Continuity of f(x,y)=(x^3)/(x^2 + y^2) at (0,0)

[Poopsilon]

So my text says that the piece-wise function f(x,y)=(x^3)/(x^2 + y^2) for (x,y)≠(0,0) and f(0,0)=0 is continuous due to the fact both its partial derivatives are bounded. I can't see how this follows, I mean the only point at which the reader would be worried about continuity is at the point (0,0) and to show that it is continuous at that point I would simply bound the function by g(x,y)=x and then show that this function goes to 0 as x -> 0. But why would the partial derivatives being bounded allow us to conclude that f(x,y) is continuous at (0,0)?

 

[Bacle]

I wonder if that condition is slightly weaker than the one that would guarantee
differentiability--and therefore continuity-- at (0,0), which is that the partials
exist and are continuous. AFAIK, continuous partials existing is sufficient, but
not necessary for continuity.

 

[o(1)]

I happened to stumble upon a similar theorem in one of Rudin's exercises.

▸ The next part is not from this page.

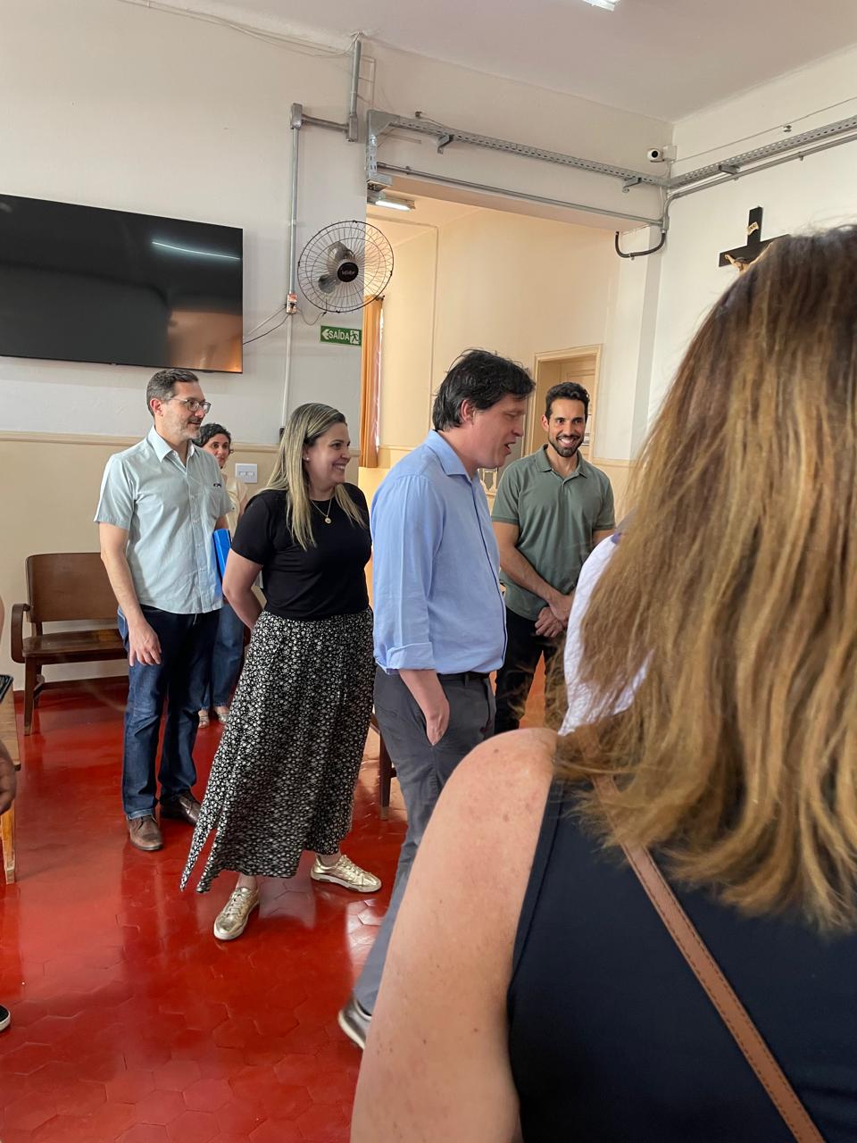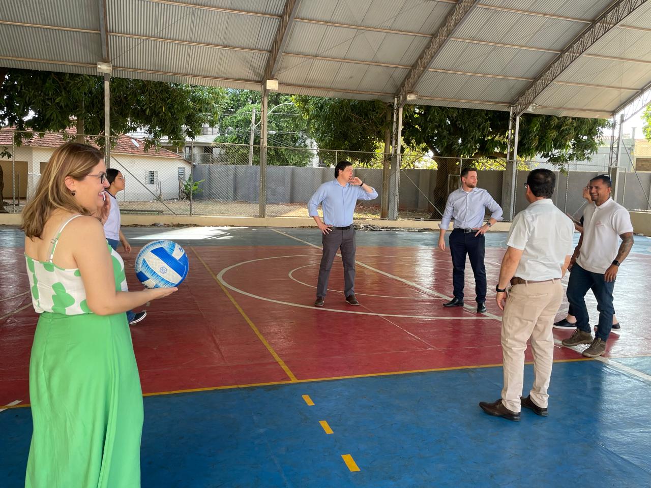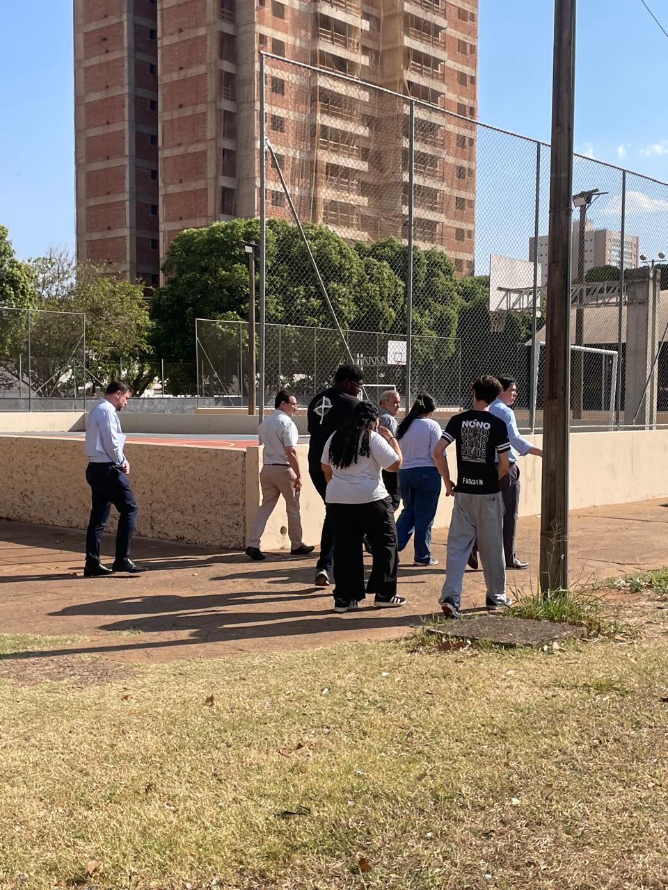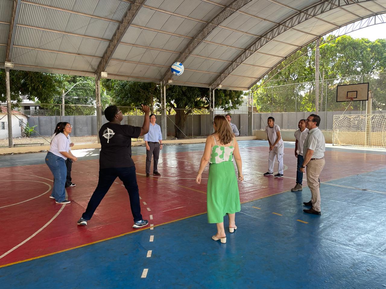 Na unidade escolar, o grupo foi recepcionado pela diretora Andréia Aléssio Apolinário, estudantes e funcionários. O secretário executivo da Seduc e os diretores da FDE percorreram a escola, conhecendo os ambientes e conversando com alunos(as).

Having to check continuity of the function in 0 only, I would desume it by the fact that partial derivatives are limited this way:

Take a in R^2 different from the origin, with a = (a_1, a_2)
Chose b so that b=(0,a_2).

So that the following identity:
f(0)-f(a) = ||a-b|| * (f(a)) -(f(b))/||a-b|| - |0-b||*(f(0)-f(b))/||0-b||)

When b approaches 0, given the condition on the partial derivatives, is 0 for every a.

Please do correct me if I am wrong.

/edited for misspelling